Support Vector Machines
Mar 1, 2023
Freddy
A support vector machine is a powerful and simple machine learning architecture that used to be state-of-the-art in image classification. In this article, we delve into the intricacies of support vector machines and its applications in linear, non-linear, binary and multi-class classification.
Motivation
Say we have two types of fungi in our backyard: honey mushroom and velvet shank. We also have some data points, where each data entry records the type of fungi, as well as its height and cap width. We plot the data points as such.
We can empirically observe a relationship between the features of each fungus (i.e. height and cap width) and its type. Let’s draw a line to separate them.
This line describes a very simple model! We can use this line to predict the type of new fungi in our backyard. Say we go measure a mushroom and get a height of 9 and cap width of 12.8.
The model predicts the fungus as a honey mushroom. But what if we draw the line a bit differently? Consider the model below. The line still separates our original data perfectly, but now our model predicts the fungus as a velvet shank.
How do we determine the best line?
This leads us to support vector machines (SVMs). An SVM is a very powerful supervised learning method that mathematically formulates the optimal model for binary classification.

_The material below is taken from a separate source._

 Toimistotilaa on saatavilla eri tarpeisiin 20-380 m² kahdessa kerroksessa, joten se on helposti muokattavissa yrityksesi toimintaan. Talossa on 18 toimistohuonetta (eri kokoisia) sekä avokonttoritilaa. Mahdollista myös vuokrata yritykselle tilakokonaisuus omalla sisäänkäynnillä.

Binary classification refers to the task of categorising input data into one of 2 classes. In our case, the input data is the set of features describing each fungus: height, cap width. Our 2 classes are honey mushroom and velvet shank.

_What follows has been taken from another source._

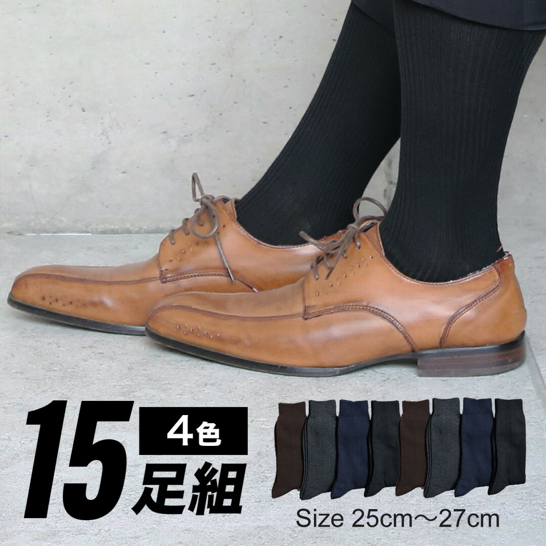 靴下 メンズ ソックス 15足セット リブ編み ベーシックカラー 25-27cm対応 送料無料
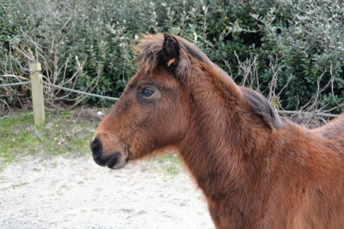 It’s always a treat to see one of the younger horses. This is Castano, born last summer, and he is sporting a mighty fine winter wool coat and black “boots”.

Supervised learning refers to training a model using data points with labels. In our case, we have some initial data points where we already know the type of mushroom. The counterpart is unsupervised learning: we have the set of features (height, cap width) but no corresponding label during training.
We will start off with the simplest case: finding the optimal linear model that separates data points into exactly 2 groups. Later, we briefly discuss generalising this to non-linear models that classify points into an arbitrary number of groups.
Binary linear classifier
A hard-margin binary classifier defines a hard linear boundary that perfectly separates the 2 classes. We start by deriving the optimisation problem from scratch.
Initial steps
Let \({x_1, x_2}\) represent height and cap width. We can define a linear model as:
\[w_1 x_1 + w_2 x_2 + b = 0\]The optimal line is determined by \({w_1, w_2}\) and \(b\). This can be rearranged to slope-intercept form:
\[x_2 = -\frac{w_1}{w_2} x_1 - \frac{b}{w_2}\]Here, we make an important observation. The gradient of the line is \({ \begin{bmatrix} 1 \\ -\frac{w_1}{w_2} \end{bmatrix} }\). That is, as \(x_1\) moves by \(1\), \(x_2\) moves by \({-\frac{w_1}{w_2}}\). This is analogous to \({y = mx + c}\): as \(x\) moves by \(1\), \(y\) moves by \(m\).
Define \({w = \begin{bmatrix} w_1 \\ w_2 \end{bmatrix}}\).
\[\begin{bmatrix} w_1 \\ w_2 \end{bmatrix} \cdot \begin{bmatrix} 1 \\ -\frac{w_1}{w_2} \end{bmatrix} = 0\]Hence, \(w\) is orthogonal to the gradient.
Extending to higher dimensions
We can partition a 2D plane into 2 regions using a 1D line. Similarly, we can partition a 3D space into 2 regions using a 2D plane.
Let \(n\) be the number of features. In general, we can partition an \(n\)-dimensional space using an \({(n-1)}\)-dimensional hyperplane.
\[w \cdot x + b = 0\]Our previous observation still holds: \(w\) is orthogonal to the gradient of our hyperplane.
Formulating the problem
We want the maximum margin hyperplane: let \({c_1, c_2}\) be the distance between the hyperplane and the closest points to it from each class. We denote the closest points \({x_1, x_2}\). Hence, the hyperplane should be defined such that it perpendicularly bisects the line segment formed by \(c_1\) and \(c_2\). Then, \({c_1 = c_2}\). We can always normalise our data, so we generalise \({c_1 = 1}\).
Define our 2 classes as \({\{+1, -1\}}\). Define the binary classifier as follows:
\[c = \begin{cases} +1 & w \cdot x + b \geq 0 \\ -1 & \text{otherwise} \end{cases}\]Then, our problem is to derive the margin between \({w \cdot x_1 + b = 1}\) and \({w \cdot x_2 + b = -1}\).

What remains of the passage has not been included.